Requirement: Look through the entries below for the line with "Acople Rapido Completo" and the line with "The case is", then give again exactly those two lines and all lines between them, minus the pictures.

Material for the task:
****************************************
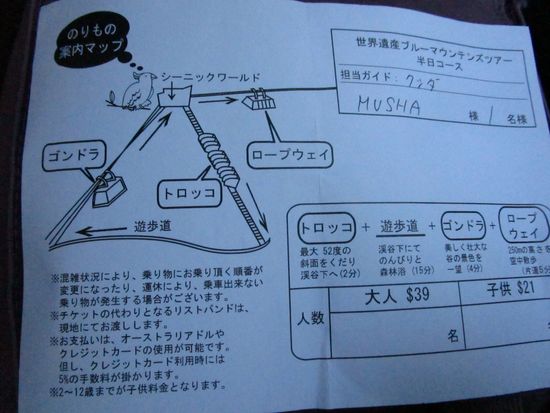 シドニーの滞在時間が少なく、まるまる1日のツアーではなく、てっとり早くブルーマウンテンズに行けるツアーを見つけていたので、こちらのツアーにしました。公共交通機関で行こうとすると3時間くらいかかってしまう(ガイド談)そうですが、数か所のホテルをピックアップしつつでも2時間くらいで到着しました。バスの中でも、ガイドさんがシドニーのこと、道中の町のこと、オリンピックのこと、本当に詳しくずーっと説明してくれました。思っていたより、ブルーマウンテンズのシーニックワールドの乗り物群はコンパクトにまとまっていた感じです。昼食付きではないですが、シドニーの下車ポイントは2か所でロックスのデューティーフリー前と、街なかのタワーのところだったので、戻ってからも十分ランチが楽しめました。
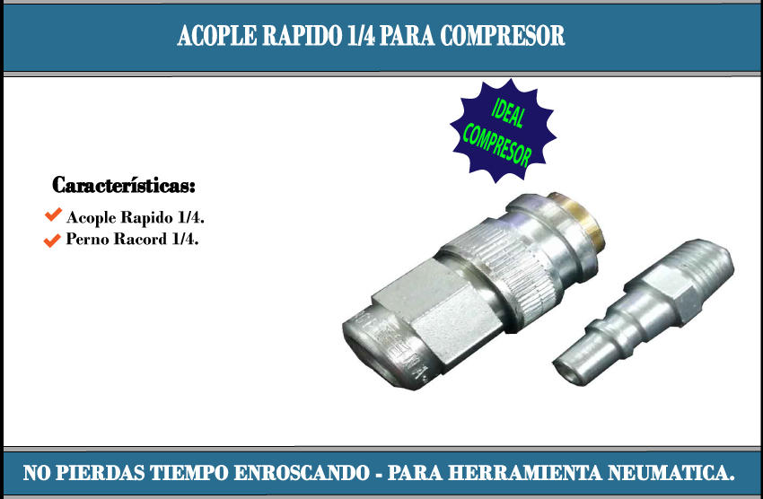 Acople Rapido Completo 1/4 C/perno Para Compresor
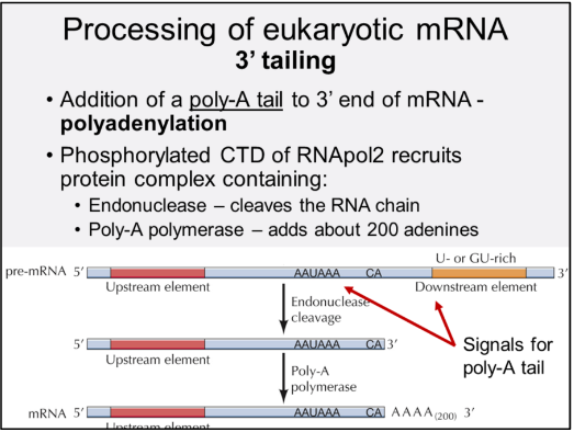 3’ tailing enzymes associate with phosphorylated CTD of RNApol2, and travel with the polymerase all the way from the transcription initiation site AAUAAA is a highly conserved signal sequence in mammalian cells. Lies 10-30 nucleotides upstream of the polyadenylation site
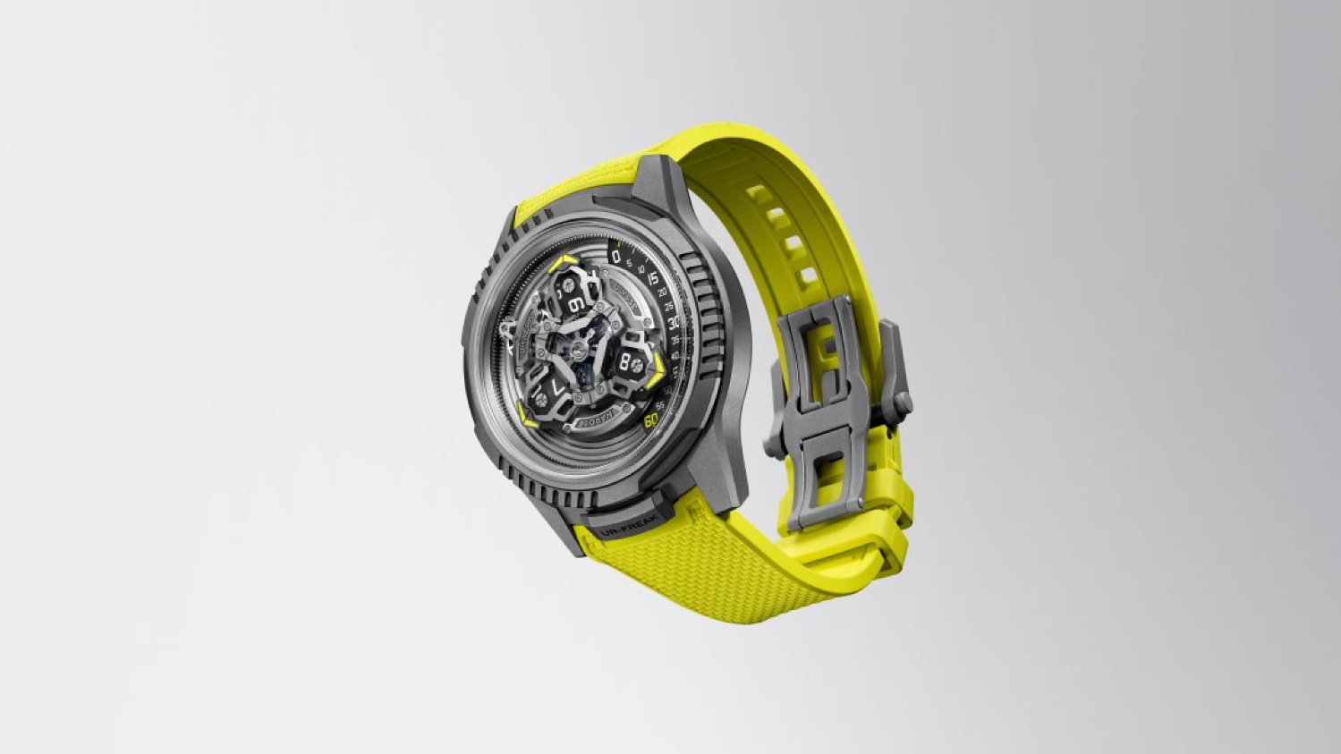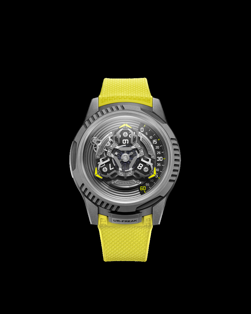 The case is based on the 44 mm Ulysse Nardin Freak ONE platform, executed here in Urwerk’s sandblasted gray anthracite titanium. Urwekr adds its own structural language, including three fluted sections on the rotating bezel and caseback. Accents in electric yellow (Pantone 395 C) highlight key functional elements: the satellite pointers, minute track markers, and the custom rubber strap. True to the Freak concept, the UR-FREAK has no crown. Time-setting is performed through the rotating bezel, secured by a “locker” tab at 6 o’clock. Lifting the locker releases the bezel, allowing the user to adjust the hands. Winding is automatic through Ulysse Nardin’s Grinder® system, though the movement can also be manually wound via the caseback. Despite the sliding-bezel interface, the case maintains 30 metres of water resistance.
****************************************
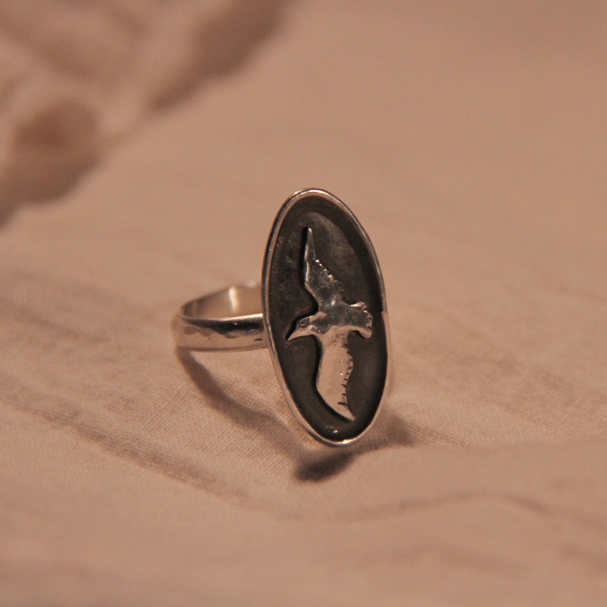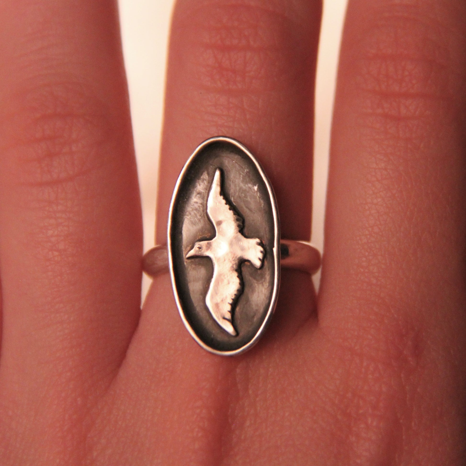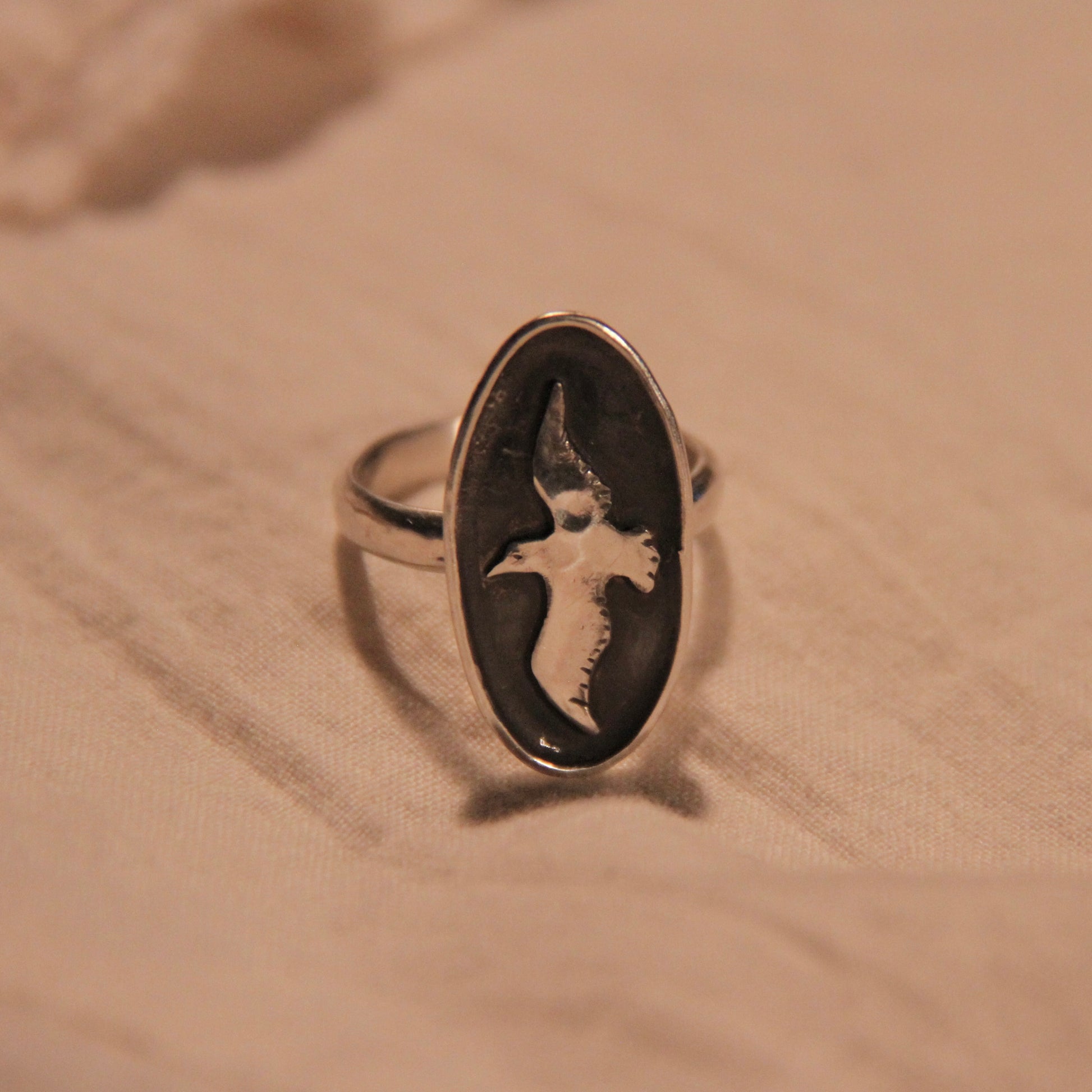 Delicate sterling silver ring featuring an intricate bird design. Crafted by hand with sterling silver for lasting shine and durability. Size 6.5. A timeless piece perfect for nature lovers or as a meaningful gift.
****************************************
Answer space:
 Acople Rapido Completo 1/4 C/perno Para Compresor
 3’ tailing enzymes associate with phosphorylated CTD of RNApol2, and travel with the polymerase all the way from the transcription initiation site AAUAAA is a highly conserved signal sequence in mammalian cells. Lies 10-30 nucleotides upstream of the polyadenylation site
 The case is based on the 44 mm Ulysse Nardin Freak ONE platform, executed here in Urwerk’s sandblasted gray anthracite titanium. Urwekr adds its own structural language, including three fluted sections on the rotating bezel and caseback. Accents in electric yellow (Pantone 395 C) highlight key functional elements: the satellite pointers, minute track markers, and the custom rubber strap. True to the Freak concept, the UR-FREAK has no crown. Time-setting is performed through the rotating bezel, secured by a “locker” tab at 6 o’clock. Lifting the locker releases the bezel, allowing the user to adjust the hands. Winding is automatic through Ulysse Nardin’s Grinder® system, though the movement can also be manually wound via the caseback. Despite the sliding-bezel interface, the case maintains 30 metres of water resistance.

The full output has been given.